*Data for the task*
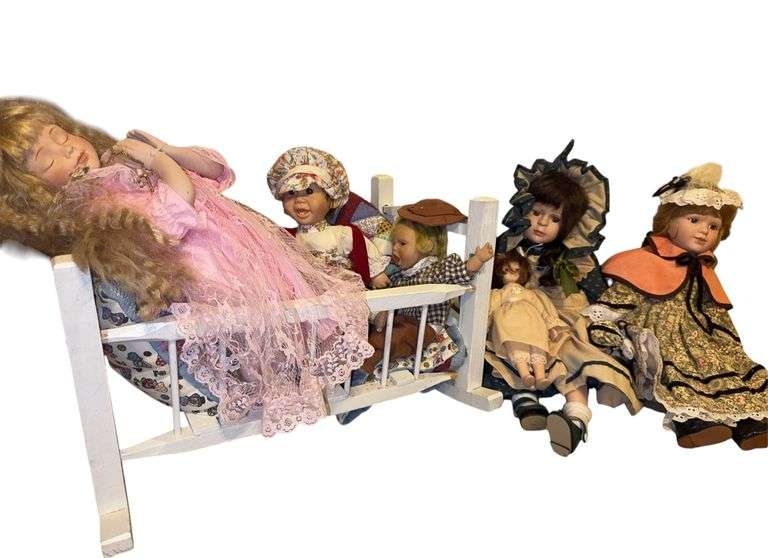 Variety of porcelain dolls. Also includes wooden baby cradle- needs repaired.
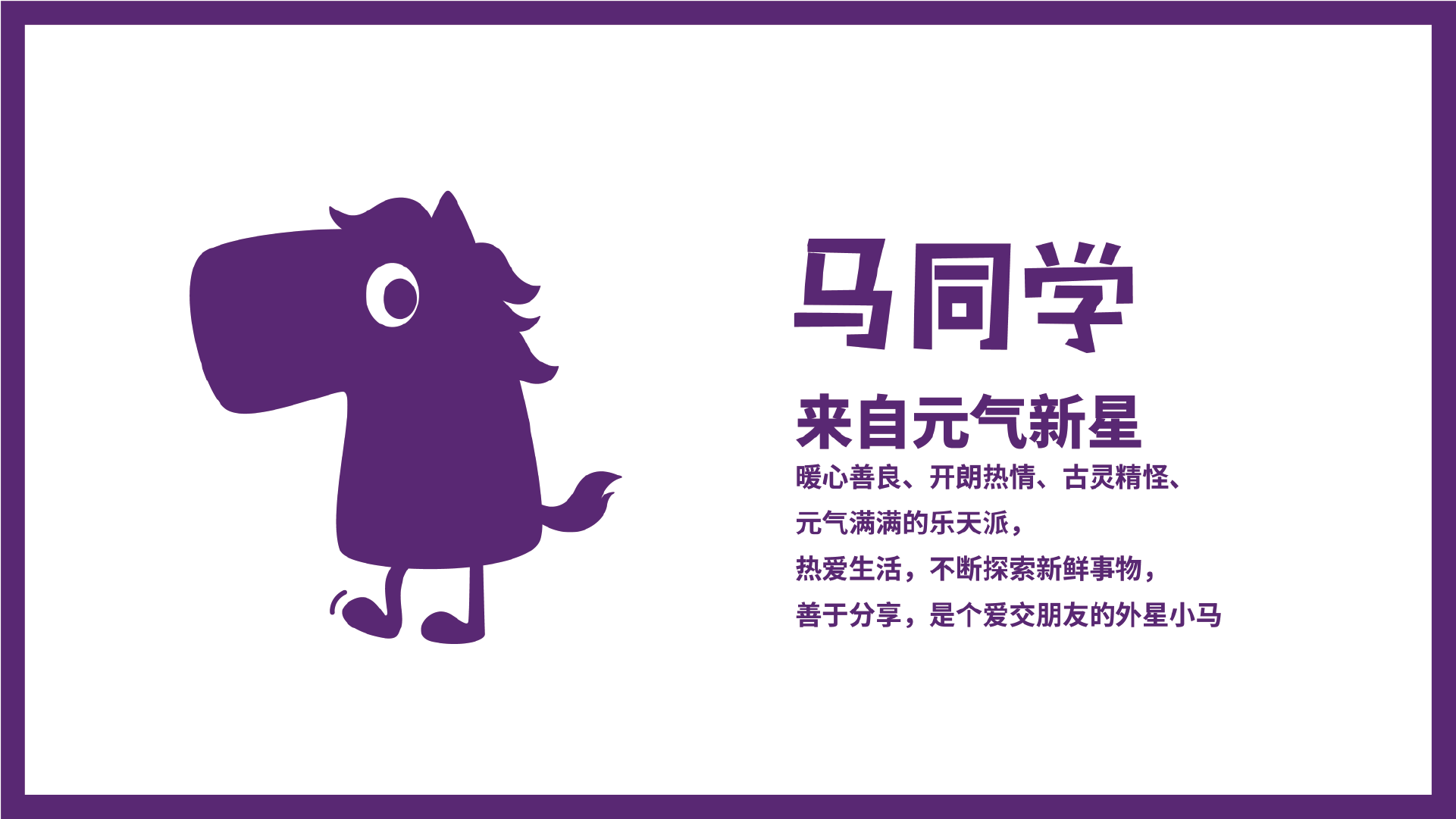 來自元?dú)庑滦堑鸟R同學(xué),是一位暖心善良、開朗熱情、古靈精怪、元?dú)鉂M滿的樂天派。他熱愛生活,不斷探索新鮮事物,善于分享,是個愛交朋友的外星小馬。
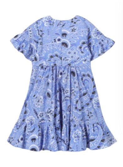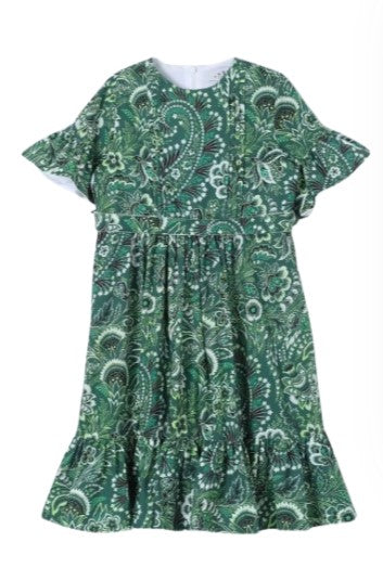 Paisley print dress, crew neck, short sleeve with ruffles, flared hem with flounce, back fastening, medium length.
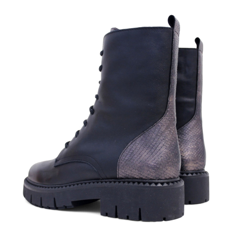 Botines planos Redlove macarena negros con panel efecto serpiente de piel
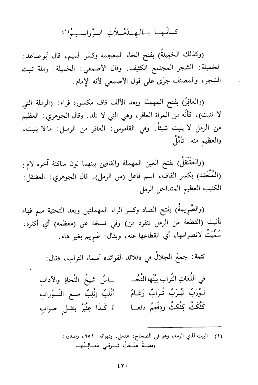 (والعاقر) بفتح المهملة وبعد الألف قاف مكسورة فراء: (الرملة التي لا تنتب) , كأنه من المرأة العاقر, وهي التي لا تلد. وقال الجوهري: العظيم من الرمل لا ينبت شيئًا. وفي القاموس: العاقر من الرمل: ما لا ينبتو والعظيم منه. تأمل.
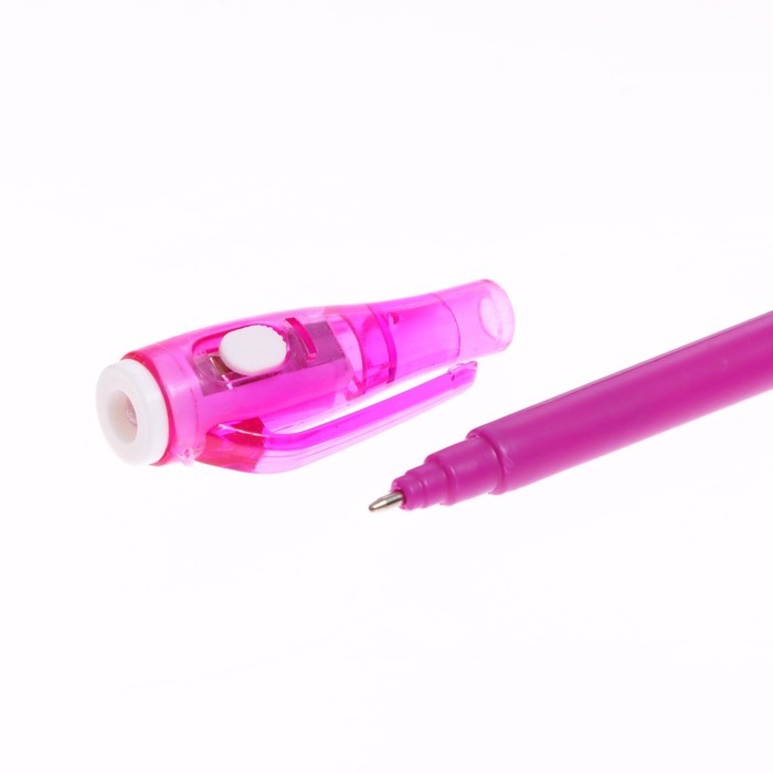 - У ручки-фонарика есть ещё одна функция — невидимые чернила. Снимите колпачок и напишите что-нибудь на листе бумаги, а затем посветите на надпись фонариком. Рисунок проявится.
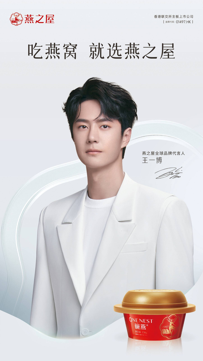 继今年1月巩俐成为燕之屋全球品牌代言人后,于5月20日,燕之屋再度官宣,王一博也成为公司全球品牌代言人。官宣当天,话题“王一博燕之屋全球品牌代言人”也一度冲上微博热搜。
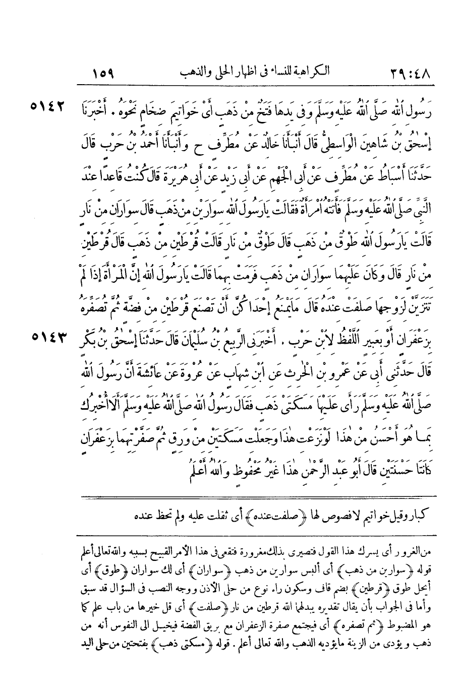 [5142] سِوَارَيْنِ من ذهب أَي ألبس سِوَارَيْنِ من ذهب سواران أَي لَك سواران طوق أَي أَيحلُّ طوق قرطين بِضَم قَاف وَسُكُون رَاء نوع من حلى الْأذن وَوجه النصب فِي السُّؤَال قد سبق وَأما فِي الْجَواب بِأَن يُقَال تَقْدِيره يبدلهما الله قرطين من نَار صلفت أَي قل خَيرهَا من بَاب علم كَمَا هُوَ المضبوط ثمَّ تصفره أَي فيجتمع صفرَة الزَّعْفَرَان مَعَ بريق الْفضة فيخيل إِلَى النُّفُوس أَنه من ذهب وَيُؤَدِّي من الزِّينَة مَا يُؤَدِّيه الذَّهَب وَالله تَعَالَى أعلم
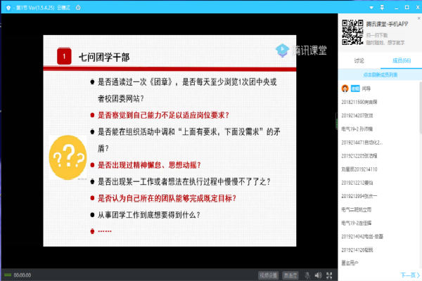 分团校第六期青马班全体成员开展第二次题为“新时期团学干部面临的问题与思考”的主题团课活动。
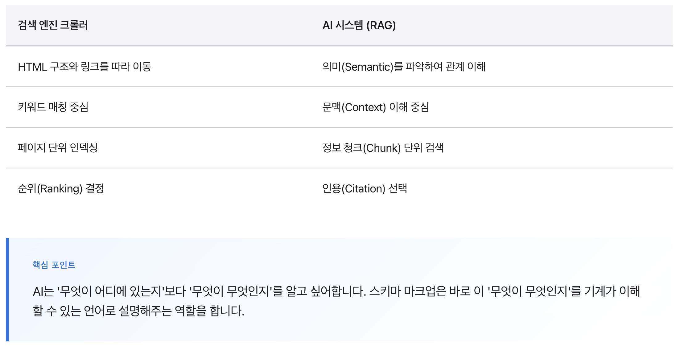 기존 검색 엔진 크롤러와 AI 시스템의 정보 처리 방식에는 근본적인 차이가 있습니다.
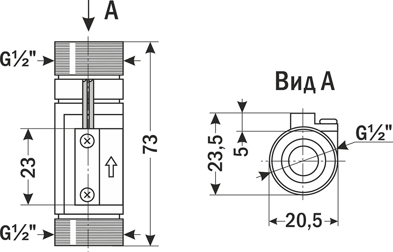 - Для корректной работы датчика направление потока жидкости должно совпадать с направлением стрелки на корпусе
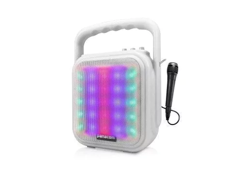 Parlante portátil tipo karaoke con micrófono, luces led, conexión bluetooth, USB y compatibilidad con tarjetas SD. Incluye función de grabación de voz y manija de transporte. Con este pequeño y potente equipo, podrás llevar tu música favorita a todas partes. Por su poco peso, sus vibrantes colores y sus múltiples puertos, se convertirá en tu compañero ideal para todas tus actividades al aire libre, y por qué no en el living o en tu habitación. CARACTERÍSTICAS • Conexiones USB / Tarjeta de Memoria • Conexión Bluetooth • Incluye micrófono con cable • Batería recargable • Karaoke • Entrada para micrófono • Función Grabado • Woofer Unit: 5.25" • Batería de litio: 1200mAH • Potencia: 20W RMS
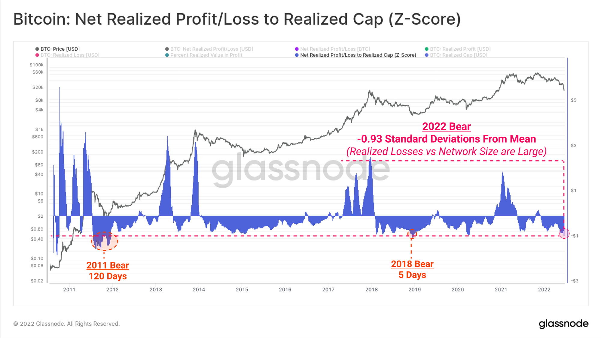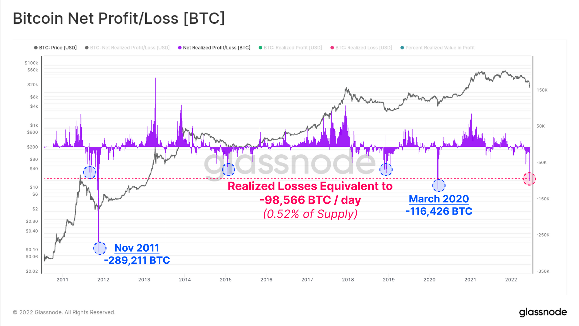 Gauging Net Realized Profit/Loss in units of BTC, which effectively normalizes for market size, the current drawdown is recording Realized Losses equivalent to -98,566 BTC per day (0.52% of the circulating supply). There have been only two recorded trading days with larger recorded Realized Losses, found in the 2011 bear market, and on March 2020.
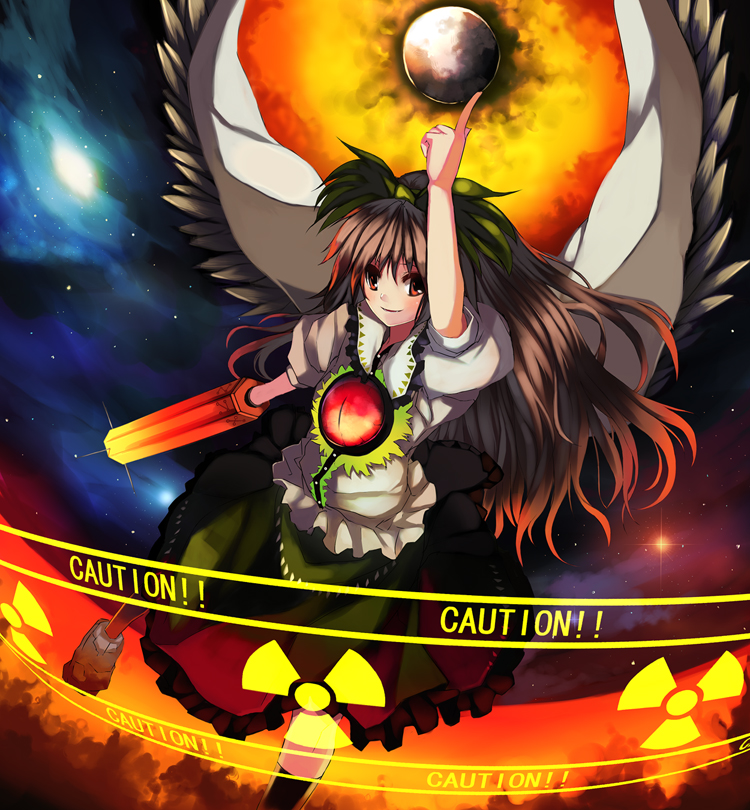 1girlarm cannonblack hairblushbroochcowboy shotfemale focusfiregemgreen skirtjewelrylooking at viewerpointingpointing uppuffy short sleevespuffy sleevesradiation symbolred eyesshort sleevesskirtsoloweaponwings

*What to do*
For this exercise, set down the lines in the entries above from the one with "기존 검색 엔진 크롤러와" through the one with "- Для корректной" exactly as written, without any pictures.

*Task answer*
 기존 검색 엔진 크롤러와 AI 시스템의 정보 처리 방식에는 근본적인 차이가 있습니다.
 - Для корректной работы датчика направление потока жидкости должно совпадать с направлением стрелки на корпусе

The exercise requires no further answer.